This week, Gartner said it believes that Google's Android platform would be used by 49 percent of all smartphones by 2012 and that by 2015, Microsoft's Windows Phone would leap to second place among smartphone platforms (not counting tablets or media players), overtaking Apple's iOS iPhone. The firm supplied very precise numbers for its claims, down to the thousands of units.
Last prediction wasn't very accurate
Just a year and a half ago, the same firm made similar bold predictions about the smartphone industry that suggested the same dramatic turn around for Microsoft. In fact, the only real similarity between the company's 2009 predictions and its 2011 predictions is the idea that Microsoft would be selling about 68 million phones by 2012, and taking around 12 percent of the smartphone industry.
Every other predicted element in Garner's outlook has changed significantly in the last year and a half. Nokia's Symbian, once seen as holding on to the lion's share of smartphones in 2012 (with more market share than it managed to retain last year) is now expected to dry up and blow away, given Nokia's plans to drop support for it and focus on WP7 later this year.
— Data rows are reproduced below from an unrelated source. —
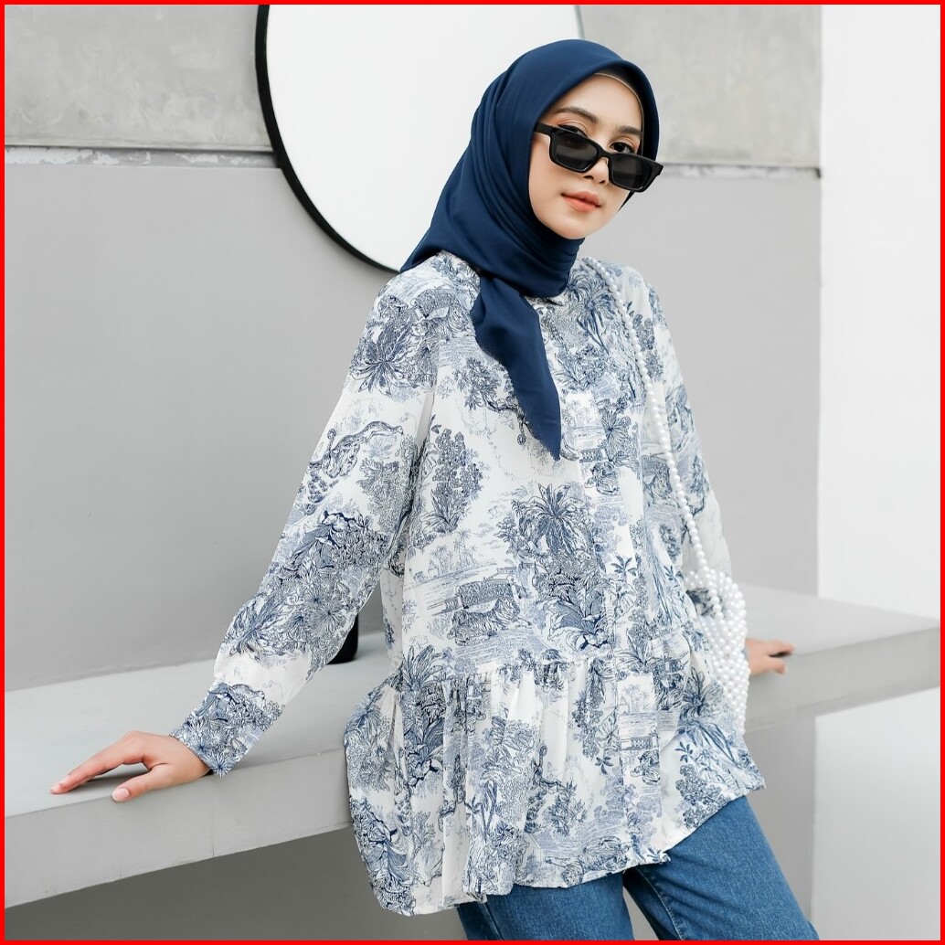 Hosofshopaholic - Harvia Peplum - Pakaian Wanita - Atasan - Peplum - Lengan Panjang - Motif - Allsize
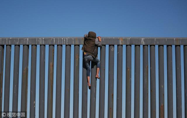 墨西哥蒂华纳,中美洲移民爬上美墨边境墙。(视觉中国)
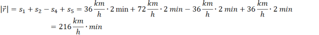 Aby obliczyć wartość średniej prędkości, dzielimy długość wektora przemieszczenia przez całkowity czas. Wartość wektora przemieszczenia obliczamy, dodając drogę przebytą zgodnie z osią x i odejmujemy drogę przebytą przeciwnie do niej.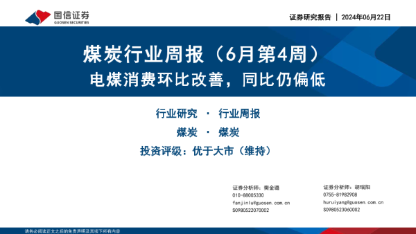 【国信证券】【20240622】20240622-国信证券-煤炭行业周报(6月第4周):电煤消费环比改善,同比仍偏低-30页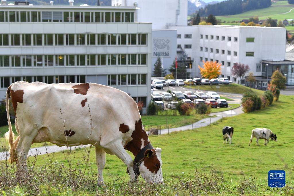 這是10月31日在瑞士科諾爾芬根雀巢工廠(chǎng)外的牧場(chǎng)拍攝的奶牛。

Android, originally expected to reach essentially a dead heat with Apple, Microsoft and RIM (all reaching within one percentage point of having 13 percent shares of the market), is now seen as taking half of the market, while Apple's share is now expected to grow much faster than Gartner originally predicted just 18 months ago (grabbing 19 percent as opposed to just 13 by 2012).
Gartner also revised its outlook for RIM, suggesting less of a loss in market share than originally anticipated back in 2009. The firm also slashed its collective outlook for Palm's WebOS and other smartphone operating systems (such as non-Android Linux) in half.
It foresees so little growth among WebOS, other (non-Android) Linux, and other mobile operating systems that it now dumps them all into one category. Note that prior to Android's release, many of Google's licensees (including Motorola) were already broadly using Linux, which Android incorporates.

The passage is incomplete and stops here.